Da glaubt man seit zwei Dekaden, via
"Cycles" (1994) das offizielle Debüt der Ostküsten Metaller zu besitzen, doch plötzlich wird man beinahe eines Besseren belehrt: weil da gab es ein Album namens
"Lifetime In Hell", das 1991 kurz vor dem Release stand, aber im letzten Moment wegen vertraglicher Differenzen zwischen Label und Band zurückgezogen wurde. Retrospektive schwer zu sagen, ob
Wicked Maraya mit dieser Veröffentlichung 1991 mehr Zuspruch erhalten hätten, denn die Grunge-Welle steuerte hier bereits ihrem Höhepunkt zu, wodurch das Gros an Traditionskapellen in harte Zeiten glitt. Genau genommen waren die Jungs um Ausnahme-Timbre Lou Falco aber schon einen Schritt voraus, klangen dazumal moderner und eigenständiger als die meisten Konkurrenten. Dass sich dazumal kaum ein Schwein für einen Klassiker wie
"Cycles" und für den Nachfolger
"No Hope for Humanity?" (unter
Maraya - 1996) interessierte, bleibt mir trotzdem ein ewiges Rätsel.
Die New Yorker haben sich vor fünf Jahren still-klang-heimlich zusammen gerauft und befanden es als essentiell, die Geschichte des eigentlichen Erstwerks neu aufzurollen, indem es in einem würdigem Rahmen inklusive zwei nagelneuer Songs via Massacre Records veröffentlicht wird. Wie
"Cycles" wurde
"Lifetime In Hell" dazumal von Produzentenlegende Jim Morris druckvoll endveredelt und vermag heutigen Standards durchaus zu trotzen. Alles in Allem agierten die Jungs thrashiger als in den Folgejahren, wobei der Power Metal klar im Mittelpunkt stand. Die oft vorkommenden, perfekt implementierten Akustikparts von
"Cycles" sind dementsprechend wenig vor Ort, als dass die Break-Schlagzahl eine vergleichsweise hohe darstellt. Die drückend-düstere Aura ist dennoch unverkennbar. Einzig allein der Track
"Johnny" ist einem sofort vertraut, weil er in leicht modifizierter Version für
"Cycles" nochmals eingespielt wurde. Und der Rest?
Dass der eingängige Opener
"Sounds Of Evil" nur bedingt für das ganze Werk repräsentativ ist und dabei nach einer verfrühten Hommage eines
Iced Earth-Spätneunziger-Songs klingt, soll schon mal das hohe Level der Frühphase unter Beweis stellen. Eine Spur komplexer, aber deshalb noch keine „Prog-Adelung“ abstaubend, zeigt sich anschließend das Herzstück, um bei
"Tomorrow’s Child" wiederum straighter und vor allen Dingen sentimentaler die Hörerschaft zu bedienen.

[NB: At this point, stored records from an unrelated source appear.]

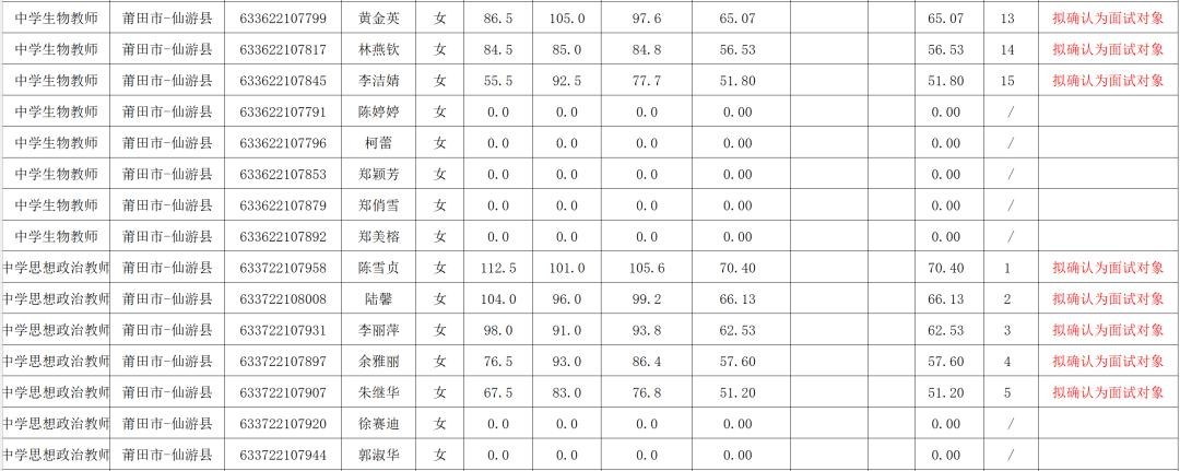 现将仙游县2022年中学、小学、幼儿园新任教师公开招聘考试考生笔试成绩、奖励加分及面试对象等情况公告如下: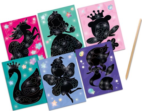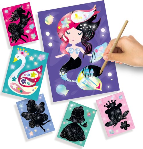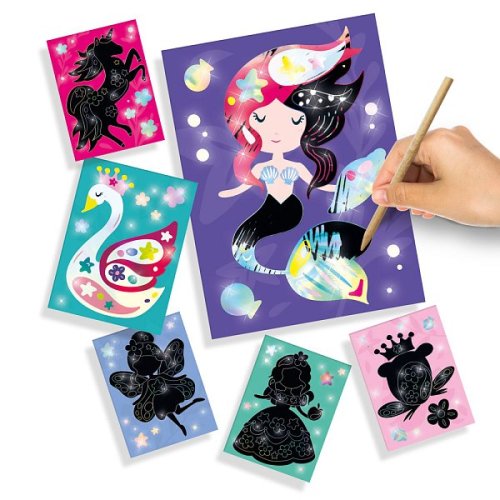 Zábava s barevným koncem! Škrabací obrázky Ses jsou výborným dárkem nejen pro kreativní děti. Papír je potažený černou vrstvou skrývající podklad s holografickým efektem, který z kresby udělá nevšední podívanou. Postup: Pohádkové postavičky ukryté pod tmavou stírací vrstvou mají holografický barevný efekt. Pomocí dřevěného vyškrabávacího pera nakreslete své vlastní krásné vzory a nechte je ještě více zářit! Jednoduše vyškrábejte předkreslené části škrabacím perem a vytvořte obrázek. Fantazii se meze nekladou, proto je možné vyškrábat i černá místa bez potisku a dodat obrázku osobitý rámeček. Obsah balení: 6 holografických vyškrabávacích karet, 1 dřevěné vyškrabávací pero.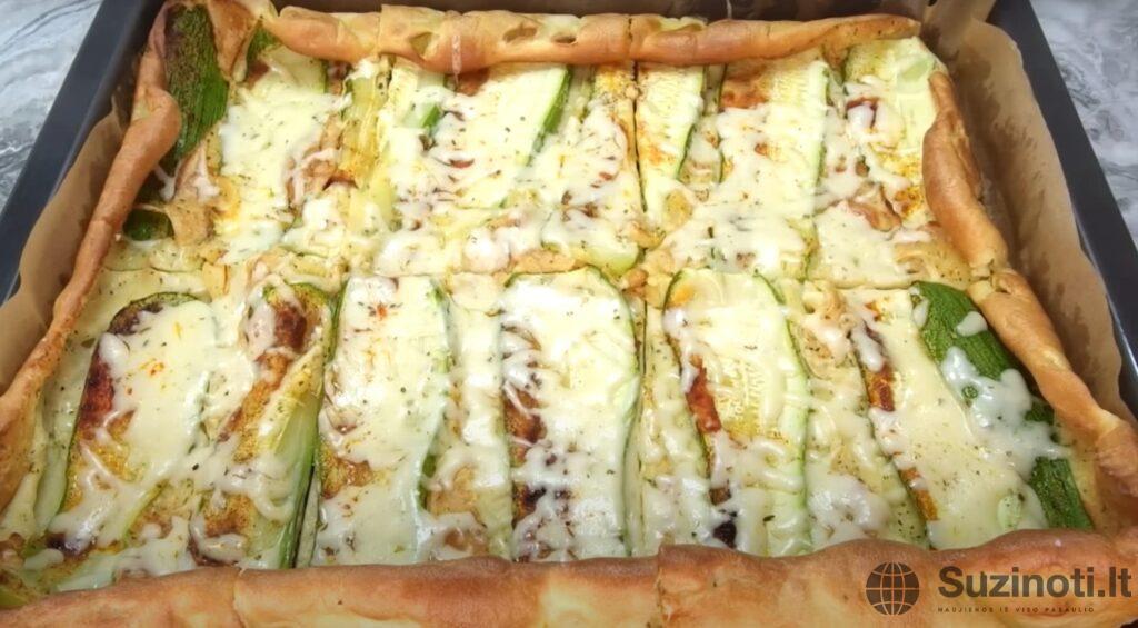 . Ant tešlos sudėkite cukiniją, patiekalą kepkite 180 laipsnių orkaitėje 25-30 minučių. Sutarkuokite sūrį stambia tarka ir apibarstykite juo paruoštą patiekalą, kepkite dar 5-10 minučių.

"River Runs Black" startet immerhin in graziler
Crimson Glory Manier, ehe Stakkato-Riffs und gen Finale ein Bombastreigen das Ruder übernehmen – sicher nicht übel, aber spätestens jetzt erkennt man ein paar Haarrisse im Songwriting, was sich bei
"Crash & Burn" und
"The Calling" bereits dezent ankündigt.
"Seizure" könnte wiederum aus Jon Schafers Feder entsprungen sein und ist zugleich mit
"Blackout" das schnellste Stück auf dem Rundling, letzterer markiert quasi das
"Whiplash" der Eastcoast'ler. Beim schon angesprochenen
"Johnny" ist der zentrale, speed'ige Zwischen-Part zunächst befremdend, doch so oder so: er war, ist, und bleibt ein geschmeidiger Hit. Dass
"Lifetime In Hell" nachträglich so etwas wie Existenzberechtigung hat, steht außer Frage, an der Dichte und Souveränität von
"Cycles" vermag die Spätgeburt jedoch nicht ernsthaft zu kratzen.
Bleibt zum Schluss die Frage, wie es denn in Sachen gegenwärtiger Kreativität, also bezüglich der neuen (Bonus-) Tracks ausschaut. Der eingängige Doppelbass-Klopfer
"Fall From Grace" und das an
"Another Day" erinnernde
"Suicidal Dawn" (siehe Videoclip) sind zwei lobenswerte Songs, die für meine Auffassung sowohl den frühen (Neunziger) Spirit inne halten, als auch den aktuellen Zeitgeist durchaus streifen. In der Form dürfen die seit 2011 wieder vereinigten Herrschaften gern ein komplett neues Scheibchen aufnehmen, weil was soll da schon schiefgehen?